Olivier Messiaen
Born in 1908 in Avignon into a literary family (his father, Pierre Messiaen, was a translator and his mother, Cécile Sauvage, a poet), Olivier Messiaen was marked by the idea of language. He first devised his own language (his book Technique of My Musical Language was completed in 1943) and based it on the modality that, as a child, he had discovered in Debussy, and that he later developed at the Paris Conservatory with Paul Dukas (composition), Maurice Emmanuel (history of music) and Marcel Dupré (organ). He then created his own poetic language, from which all his vocal works issue. Finally, identifying the musical language of others fed his teaching, be it his private lessons (given, between 1943 and 1947, to an inner circle of pupils that included Pierre Boulez and Yvonne Loriod, his future wife) or his worldrenowned classes in the Paris Conservatory from 1947.

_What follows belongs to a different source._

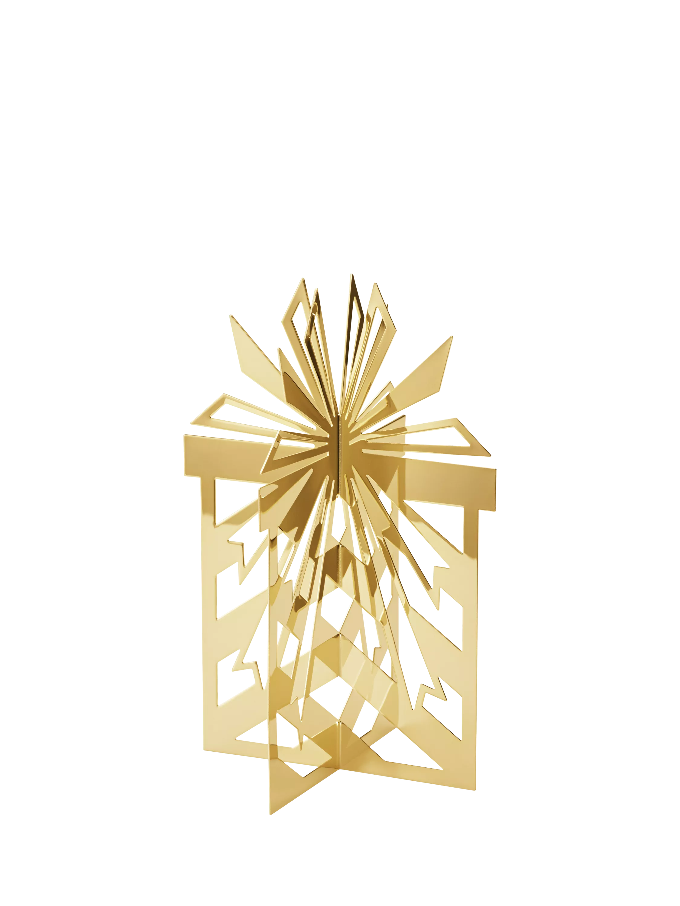Crafted in a gleaming 18-carat gold-plated finish, this elegant ornament beautifully captures the charm of a carefully wrapped Christmas present, complete with a festive bow on top.

In 1930 Messiaen was appointed organist of the Church of the Holy Trinity in Paris, and it was there that he put to good use the art of Dupré and Tournemire, and, though he was an exceptional improviser, he never became an organist-composer. Free of liturgical constraints, his immense output for organ bears a double imprint. With the first, starting in 1929 with Diptyque and extending to his earliest orchestral pieces (Les Offrandes oubliées and Le Tombeau resplendissant), the organist is the intermediary for a prayerful meditation. With the second, the organ becomes a crucible in which to experiment – in regard to modes, rhythms and colours – with other types of works: instrumental (Vingt Regards sur l’Enfant-Jésus, Quatuor pour la Fin du Temps, Visions de l’Amen), orchestral (Turangalîla-Symphonie and Réveil des Oiseaux) and vocal (Trois Petites Liturgies de la Présence Divine and Cinq Rechants, but also some song cycles that are, alas, too little known, with the exception of the Poèmes pour Mi).

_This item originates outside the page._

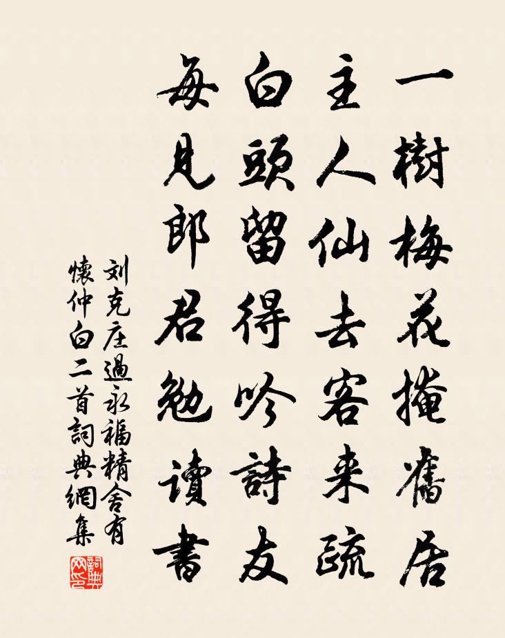 詩詞名句歷史字典書法欣賞書法字典國語詞典說文解字康熙字典古漢語字典標 題 作 者 詩 句 過永福精舍有懷仲白二首作者:劉克莊 朝代:宋代過永福精舍有懷仲白二首原文一樹梅花掩舊居,主人仙去客來疏。白頭留得吟詩友,每見郎君勉讀書。詩詞問答問:過永福精舍有懷仲白二首的作者是誰?答:劉克莊問:過永福精舍有懷仲白二首寫於哪個朝代?答:宋代問:劉克莊的名句有哪些?答:劉克莊名句大全劉克莊過永福精舍有懷仲白二首書法欣賞過永福精舍有懷仲白二首書法作品詩詞推薦泊廬江縣界幾遭寇掠董嗣杲〔宋代〕酒興那如歸興濃,此行誰信破囊空。扁舟小艤廬江外,雨夜深埋虎穴中。獨客痛心無可說,何人料事偶相同。昏時西園十詠方物亭吳中復〔宋代〕草林蟲魚部,披尋自古無。飛沉天產異,生植土風殊。物色隨心匠,形容記繪圖。虛亭玩真意,浩思滿江湖。知邵武縣禱雨大有感應任滿作詩紀其事張士遜〔宋代〕乞靈曾爇一爐煙,言下滂沱救旱田。今日解龜留數字,要教來者更恭虔。題陳主管小壺天三首陳造〔宋代〕未放歌雲散,先看醉帽偏。周郎自醇酎,樂廣定青天。持勝收賢業,推枰睨世緣。明年一品手,卻訪玉堂仙。又借答送蟹韻並戲小何黃庭堅〔宋代〕草泥本自行郭索,玉人為開桃李顏。恐似曹瞞說雞肋,不比東阿舉肉山。題束季博山園二十首薝蔔林牟巘五〔宋代〕都將千石危,化作一林雪。盡日無別香,五月何曾熱。清平樂劉過〔宋代〕新來塞北。傳到真訊息。赤地居民無一粒。更五單于爭立。維師尚父鷹揚。熊羆百萬堂堂。看取黃金假鉞,歸來異春半朱淑真〔宋代〕拭目憑闌久,柔風拂面吹。鶯花爭嫵媚,詩酒斗清奇。已近清明節,初過上巳時。莫縈尋俗事,隨意樂春熙。李徽猷病後許賞蓮而未酬小詩發一笑陳元晉〔宋代〕僧夏分來一榻涼,愛蓮更壇水雲鄉。露融初日敷朝采,雨卷涼飈送晚香。天女群參青葉髻,水仙爭護紫荷囊。一絲題孫倅面山軒詩朱翌〔宋代〕舉頭直北看青山,低頭真下覷黃卷。黃卷辛勤有時厭,青山於人保不變。山作主人我為客,主人看客長不倦。今代新夏趙希邁〔宋代〕四月寒猶在,日高常掩扉。縱收風外絮,難暖客中衣。新竹筍多瘦,殘梢花最肥。有情雙燕子,能認舊巢歸。生朝前一日過隆慶十里得老人書中詩因用尊韻洪咨夔〔宋代〕劍棧高寒潦水空,兒心片片趁歸鴻。喜聞禪觀如黃薜,想見仙風過赤松。利慾無厭騎鶴客,功名有定賦狙翁。萬鍾題水雲亭劉升道福唐所居朱翌〔宋代〕沙合南台會有期,沙邊築屋俯清漪。宋香陳紫丹成後,渭綠湘斑族盛時。長者時懷流水念,老兄元愛白雲知。一塵木蘭花慢 陪安參政宴吳山盛氏樓張野〔元代〕愛吳山佳處,凝望際,眼增明。正簾卷江濤,屏開罨畫,境接蓬瀛。中朝相君寬厚,領太平、歌吹宴簪纓。巧囀雛早行鳴山二首楊萬里〔宋代〕淡淡清霜薄薄冰,膮寒端為作新晴。殷懃喚醒梅花睡,枝上春禽一兩聲。秋日同文館詩張耒〔宋代〕騎列千床直,雲羅萬卷齊。舒妍交孔翠,爭味雜柤梨。白日諸侯貢,青春天老題。秋清文酒健,莫嘆羽林閨。聲鳴悲秋辭白玉蟾〔宋代〕蟲聲樹聲各已變,吾知流年暗中換。晝烏夜兔忙如箭,各光漸入蘆花岸。蘆花白兮蓼花紅,鴻雁跧蹲滿荻叢。牡丹酴醿滕岑〔宋代〕向人未肯吐芳心,玉困香融已不禁。久矣禪心無色想,如何對此獨沉吟。與同年李定言曲水閒話戲作李商隱〔唐代〕海燕參差溝水流,同君身世屬離憂。相攜花下非秦贅,對泣春天類楚囚。碧草暗侵穿苑路,珠簾不捲枕江樓。莫驚旅舍書事楊時〔宋代〕懶拙乖時尚,支離與世殊。饋漿驚禦寇,避席愧陽居。觸事紛難解,忘形色易鋤。不須修混沌,機械本來無。名句推薦台榭空濛煙柳暗,白鳥銜魚欲舞。納蘭性德《摸魚兒·午日雨眺》 交親望歸騎,幾處擁年華。盧僎《歲晚還京台望城闕成口號先贈交親》 萬里煙塵。回首中原淚滿巾。朱敦儒《採桑子·彭浪磯》 花徑不曾緣客掃,蓬門今始為君開。杜甫《客至》 脫鞍暫入酒家壚,送君萬里西擊胡岑參《送李副使赴磧西官軍》 人事有代謝,往來成古今。孟浩然《與諸子登峴山》 承恩不在貌,教妾若為容。杜荀鶴《 * 怨》 女蘿發馨香,菟絲斷人腸。李白《古意》 此身如傳舍,何處是吾鄉。蘇軾《臨江仙·送王緘》 面譽者不忠,飾貌者不情戴聖《大戴禮記·文王官人第七十二》

The music of Olivier Messiaen is – or is structured like – a language, with meaning and form kept separate. Meaning is like a rock: an unalterable faith of which the musical paradigm is Gregorian monody, indefinitely extended beyond human breath, and that finds embodiment in the instruments that are able to prolong sound (strings, organ or ondes Martenot). As for form, this language is characterised by its tone-colours and its rhythms. With an instinct for the association of sound and colour, Messiaen transcended the registration/orchestration habitually used by organists to forge incandescent sound matter. Finally, he who, until his death in 1992, readily referred to himself as an ornithologist, strove to seize the natural order of the world, both in nature (he tracked bird-song all over the planet) and in ontological time (inspired by the rhythms of India, he completely changed the West’s understanding of musical time). To be sure, Messiaen will continue, and for along time, to speak within us, intimately.